*Aim of the exercise*. Go through the data below and transcribe it exactly. Omit the images.

===== Dataset content =====

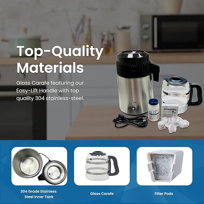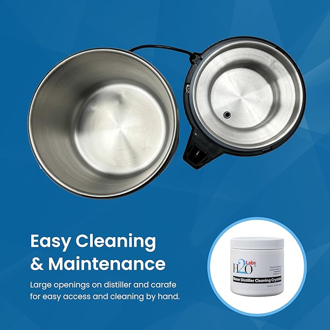 - Everything You Need: Along with your water distiller and glass carafe, you'll receive a 6-pack of exclusive H2o Labs carbon pods, a large jar of cleaning crystals for hard water scale, and an informative, easy-to-understand instruction manual.
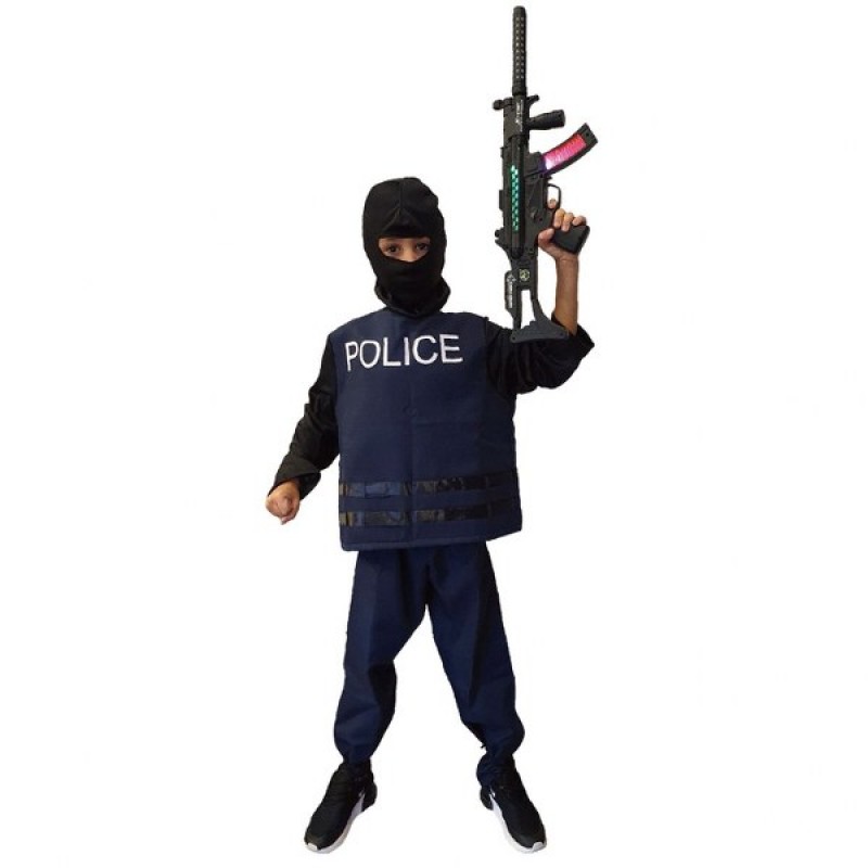 Αστυνομικός ειδικών δυνάμεων. Περιέχει:παντελόνι, γιλέκο, κουκούλα. ΔΕΝ περιλαμβάνει το όπλο. ***Παρακαλώ πολύ αναγράψτε στα σχόλια της παραγγελίας σας το διαθέσιμο μέγεθος που επιθυμείτε.
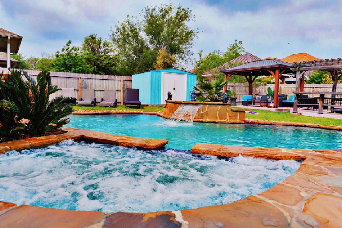 ¡Mucho entretenimiento interior y exterior para toda la familia! ¡La sala de cine es ideal para la noche de cine, karaoke y juegos! Nuestra espaciosa casa tiene una sala de cine con pantalla de proyector de 120 pulgadas, Xbox Series S, PlayStation 5, karaoke y sonido envolvente Dolby Atmos. ¡En el exterior hay una chimenea de leña y una chimenea de propano, y una piscina climatizada en el suelo! La piscina tiene 20x10 y 5 pies de profundidad. Ofrecemos un montón de asientos para acomodar a un grupo grande. El Álamo 5 millas, Riverwalk 4 millas, Alamodome 6 millas, Convention Ctr 5,5 millas
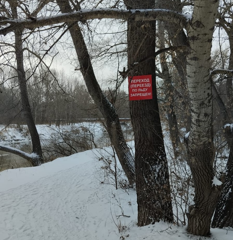 В целях обеспечения безопасности людей на водных объектах в зимний период 15 ноября спасатели Управления по делам ГО ЧС Рубцовска совместно со специалистами ГИМС ГУ МЧС России по Алтайскому краю провели рейд по береговой линии реки Алей. В местах возможного выхода людей на лёд водоёма были выставлены аншлаги: «Переход (переезд) по льду запрещен».

=====

*Answer to this problem*.
 - Everything You Need: Along with your water distiller and glass carafe, you'll receive a 6-pack of exclusive H2o Labs carbon pods, a large jar of cleaning crystals for hard water scale, and an informative, easy-to-understand instruction manual.
 Αστυνομικός ειδικών δυνάμεων. Περιέχει:παντελόνι, γιλέκο, κουκούλα. ΔΕΝ περιλαμβάνει το όπλο. ***Παρακαλώ πολύ αναγράψτε στα σχόλια της παραγγελίας σας το διαθέσιμο μέγεθος που επιθυμείτε.
 ¡Mucho entretenimiento interior y exterior para toda la familia! ¡La sala de cine es ideal para la noche de cine, karaoke y juegos! Nuestra espaciosa casa tiene una sala de cine con pantalla de proyector de 120 pulgadas, Xbox Series S, PlayStation 5, karaoke y sonido envolvente Dolby Atmos. ¡En el exterior hay una chimenea de leña y una chimenea de propano, y una piscina climatizada en el suelo! La piscina tiene 20x10 y 5 pies de profundidad. Ofrecemos un montón de asientos para acomodar a un grupo grande. El Álamo 5 millas, Riverwalk 4 millas, Alamodome 6 millas, Convention Ctr 5,5 millas
 В целях обеспечения безопасности людей на водных объектах в зимний период 15 ноября спасатели Управления по делам ГО ЧС Рубцовска совместно со специалистами ГИМС ГУ МЧС России по Алтайскому краю провели рейд по береговой линии реки Алей. В местах возможного выхода людей на лёд водоёма были выставлены аншлаги: «Переход (переезд) по льду запрещен».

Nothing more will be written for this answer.